Albumen height differed among strains (P<0.05), with YDCF and YDRC exhibiting higher values at both weeks. The marked increase from week 24 (5.6–7.0 mm) to week 32 (7.1–8.7 mm) across all strains indicates improved albumen protein deposition as hens approach peak production. This trend is well-documented, wherein albumen quality improves as hens develop full reproductive maturity (Chang et al., 2024). The improved albumen height of YDCF and YDRC may be indicated by strain-specific differences in oviductal protein synthesis, a factor associated with genotype-linked expression patterns in native chickens (Kruenti et al., 2022).

8. Haugh Unit (HU)

Haugh unit is an important measure of internal egg freshness and corrects for variations in albumen height due to egg weight (Oketch et al., 2025a). The current study reported significantly varied HU values at week 32 (P<0.05), with YDRC and YDCF recording higher levels. The highest HU values were recorded at week 32 at 93.34. These results align with a previous study showing that the HU was dependent on albumen height (Jang, 2022). In agreement with (Park et al., 2024), the enhanced HU performance of YDRC and YDCF suggests that these strains could be prioritized for breeding programs targeting egg freshness, storage quality, and albumen integrity.

9. Yolk Color

Yolk color did not differ across strains at any time point (P>0.05). Dietary consumption of carotenoid-rich foods, like yellow maize and corn gluten meal, is the main factor influencing yolk color, a crucial sensory characteristic that affects consumer preference (Moreno et al., 2020; Asare et al., 2024). This finding noted the minimal genetic contribution to yolk color variability in local native chickens under standardized feeding conditions. Thus, yolk color appears unsuitable as a discriminating trait among native strains raised under similar nutritional regimens.

10. Eggshell Thickness and Breaking Strength

Eggshell quality is a critical trait in the poultry industry with definitive impacts on both egg yield and hatchability (Cheng and Ning, 2023). Major factors influencing shell quality include oviposition timing, age, housing system, and, most importantly, genetic background (Ketta and Tůmová, 2016). It was observed that eggshell thickness exhibited strain-specific differences at week 24 (P = 0.012) and at week 32 (P = 0.047). Thicker shells in YCCF and YDCK at week 24 may reflect genetic advantages in calcium deposition efficiency, a trait associated with both improved mineral metabolism and shell gland function (Li et al., 2021). Although differences narrowed in week 32, YDCK maintained higher values, suggesting potential for enhanced shell quality beyond the current experimental period.

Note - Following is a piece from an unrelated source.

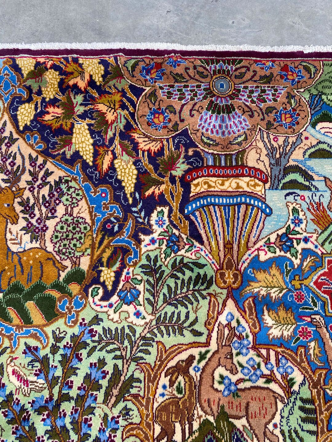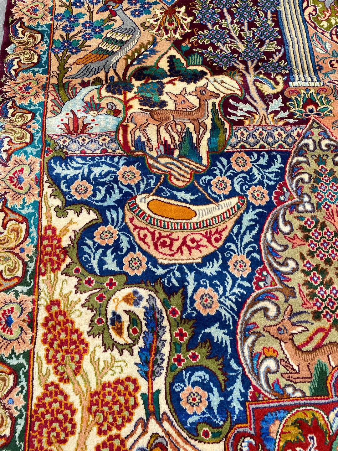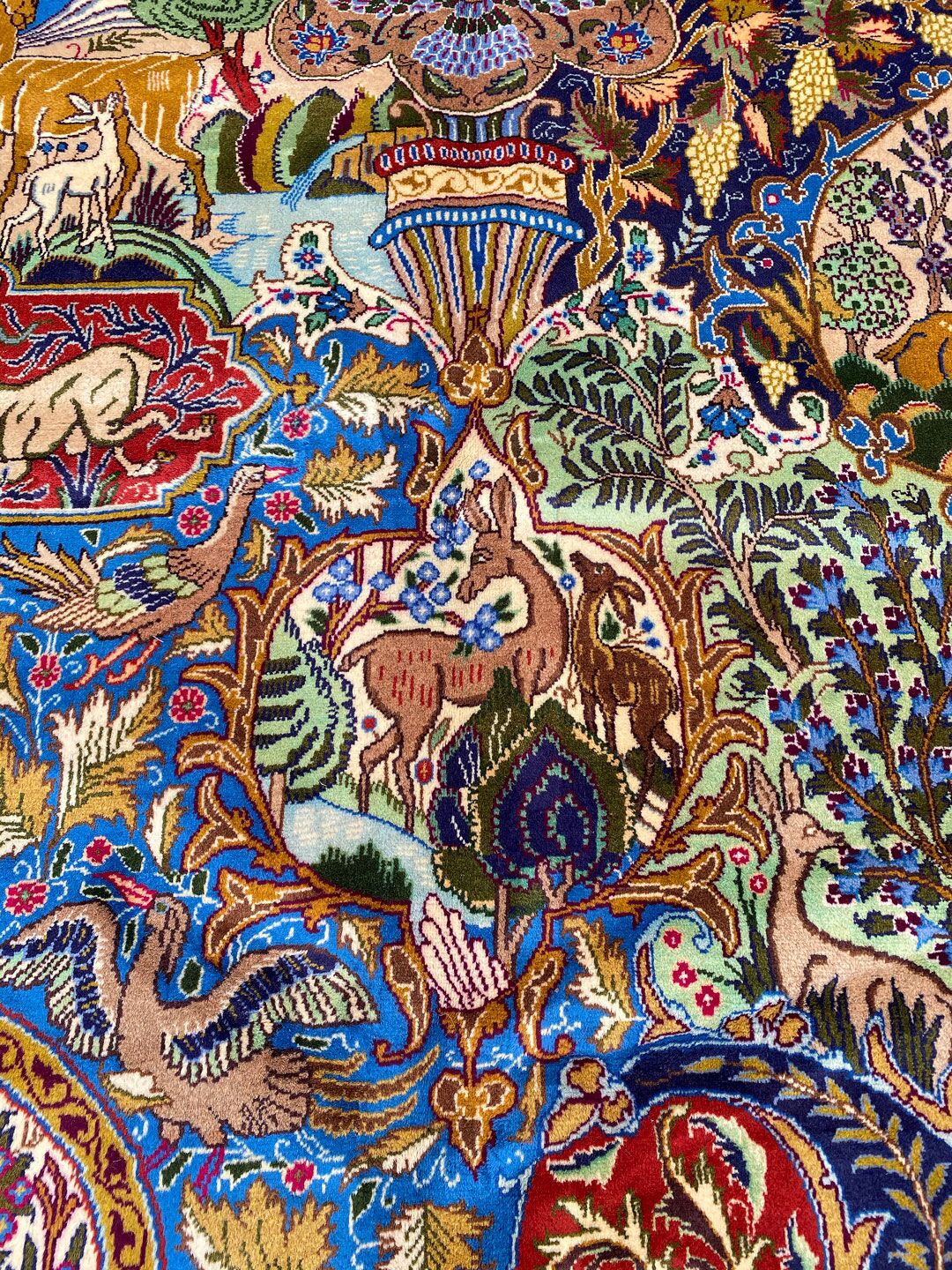 High Quality Massive Room Size Garden Of Eden Authentic Persian Kashmar Rug. Above All This Rug Would Look Like a Painting on Your Floor. It Also Has a Pure Lamb’s Wool Pile on Cotton Base. Multi-Color Tones Dyed Using Traditional Methods. It Is Fine Quality Piece Which Would Last A Life Time.

As to eggshell breaking strength, no differences among strains were noticed at week 24 and 32 (P = 0.847; P = 0.291, respectively). Numerically higher values were observed for YDCF at week 24 and YDCK at week 32, alluding to relatively higher resistance to external pressure, which could be advantageous for storage and transportation due to reduced breakage risk. The consistent numerical increment in eggshell breaking strength between 24 and 32 weeks indicates an overall improvement in shell mechanical integrity with age during the early to mid-laying period (Anene, 2022). Despite small numerical differences, the lack of statistical significance suggests that within this set of native slow-growing egg-producing strains, genetic background had only a minor effect on shell breaking strength when birds were reared under uniform management and nutrition. The current observations reinforce the observation that thicker eggshells do not necessarily translate to higher eggshell-breaking strength (Oketch et al., 2025a).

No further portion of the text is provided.